Nothing outside the range is wanted. Repeat exactly the lines below from the one with "Always a favorite" through the one with "Melange virgin wool".

Data records

::::::::::

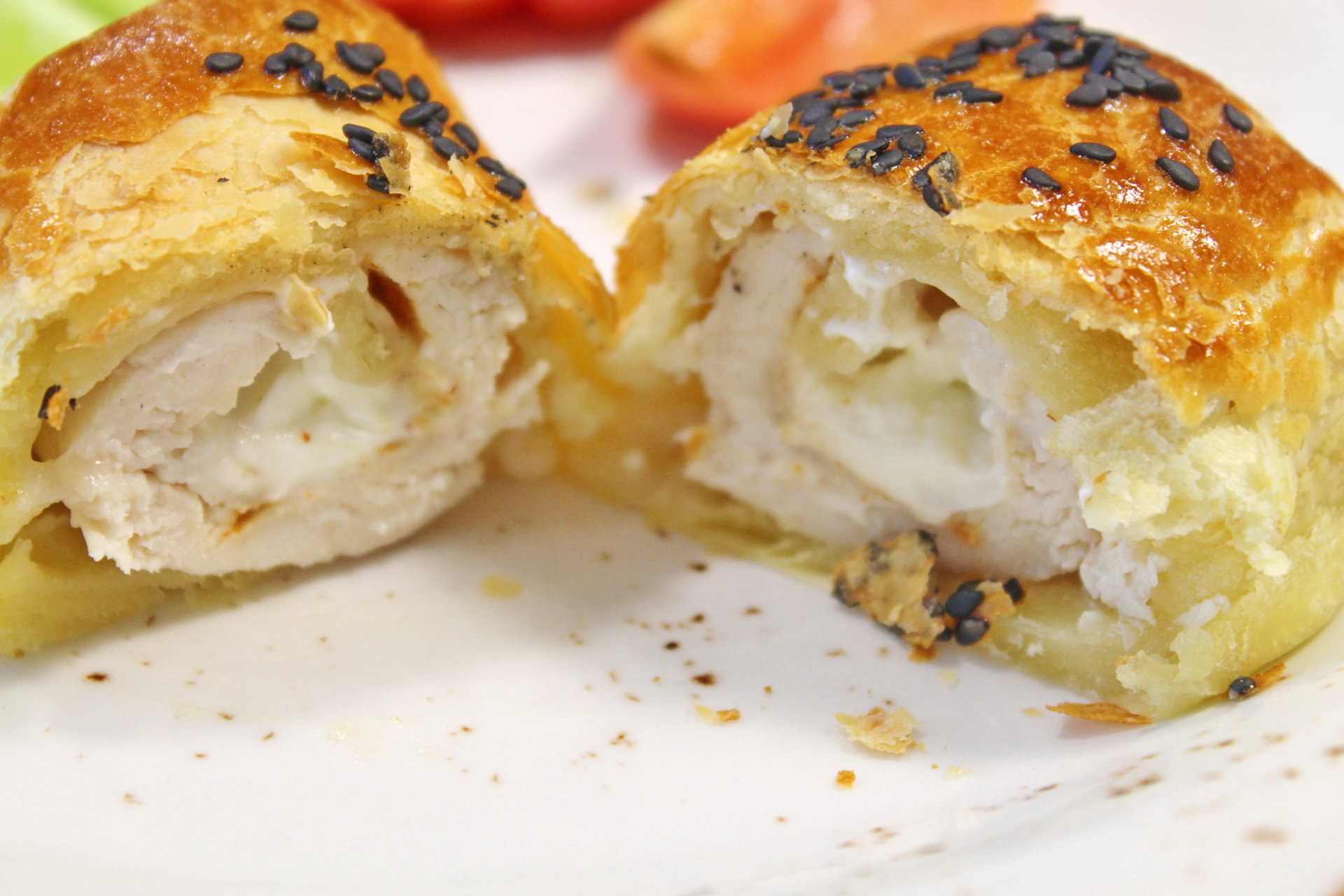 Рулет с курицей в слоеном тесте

::::::::::

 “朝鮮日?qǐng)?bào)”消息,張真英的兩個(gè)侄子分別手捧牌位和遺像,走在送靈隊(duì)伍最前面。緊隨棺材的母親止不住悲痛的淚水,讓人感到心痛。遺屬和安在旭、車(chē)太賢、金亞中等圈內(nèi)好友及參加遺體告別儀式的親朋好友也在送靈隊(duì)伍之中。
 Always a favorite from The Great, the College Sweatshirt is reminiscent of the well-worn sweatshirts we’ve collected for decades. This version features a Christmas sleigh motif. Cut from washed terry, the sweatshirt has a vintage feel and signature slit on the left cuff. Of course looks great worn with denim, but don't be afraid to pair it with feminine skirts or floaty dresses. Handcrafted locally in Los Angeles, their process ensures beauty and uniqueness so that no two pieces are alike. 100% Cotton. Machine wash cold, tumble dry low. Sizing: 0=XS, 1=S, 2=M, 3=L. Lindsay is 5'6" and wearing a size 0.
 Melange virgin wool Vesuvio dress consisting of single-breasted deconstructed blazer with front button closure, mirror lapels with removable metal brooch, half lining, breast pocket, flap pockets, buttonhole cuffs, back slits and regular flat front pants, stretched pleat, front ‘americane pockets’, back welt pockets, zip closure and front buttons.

::::::::::

Written answer
 Always a favorite from The Great, the College Sweatshirt is reminiscent of the well-worn sweatshirts we’ve collected for decades. This version features a Christmas sleigh motif. Cut from washed terry, the sweatshirt has a vintage feel and signature slit on the left cuff. Of course looks great worn with denim, but don't be afraid to pair it with feminine skirts or floaty dresses. Handcrafted locally in Los Angeles, their process ensures beauty and uniqueness so that no two pieces are alike. 100% Cotton. Machine wash cold, tumble dry low. Sizing: 0=XS, 1=S, 2=M, 3=L. Lindsay is 5'6" and wearing a size 0.
 Melange virgin wool Vesuvio dress consisting of single-breasted deconstructed blazer with front button closure, mirror lapels with removable metal brooch, half lining, breast pocket, flap pockets, buttonhole cuffs, back slits and regular flat front pants, stretched pleat, front ‘americane pockets’, back welt pockets, zip closure and front buttons.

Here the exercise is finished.